C Language

String Symphony

C doesn't have built-in support for variable-length strings; instead, C "fakes" strings by using static character arrays, character pointers, and a library of string functions that take pointers as arguments. Because strings inherently can be any length, jamming strings into C's fixed-length arrays leads to especially perverse pitfalls. Take a simple assignment of one string variable to another:

 strcpy(b, a);

This innocent statement has probably reduced the average life expectancy of C programmers by five years - stress is not good for a programmer's health. What's wrong with this statement? I don't know ... maybe nothing. Maybe when this statement executes, the string in a will be no longer than b can hold. If so, everything is all right. If not, everything is all wrong. The strcpy function is a primitive memory-to-memory copy that is not limited by the target's declared size. In this example, if the string in a is longer than the size of b, whatever is next to b in memory will be trashed. On PCs, this might even be operating system code, leaving your system frozen solid.

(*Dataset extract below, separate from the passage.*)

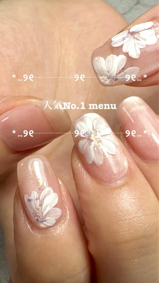 【本日15日(水)空きあり🌷】美フォルム仕上げで爪先からエレガントに✨手描きフラワーが人気 |初回オフ無料|自爪に優しいフィルイン導入店

The typical way in C to avoid string operations that overwrite memory is to "be careful." That works for experienced programmers - most of the time. It's not a pretty sight, however, when this strategy doesn't work. The only effective strategy is: Always guard a string assignment against overwriting the target variable.

Figure 4.5 shows one way to guard a string copy, using the sizeof operator. If the source string (including the '\0' terminator) fits in the target, the whole string is copied; otherwise, only as much as will fit is copied, and a null terminator is added. Even though this technique may truncate some strings, your program will continue its proper execution flow, rather than take some wild path caused by overwriting part of the program's instructions.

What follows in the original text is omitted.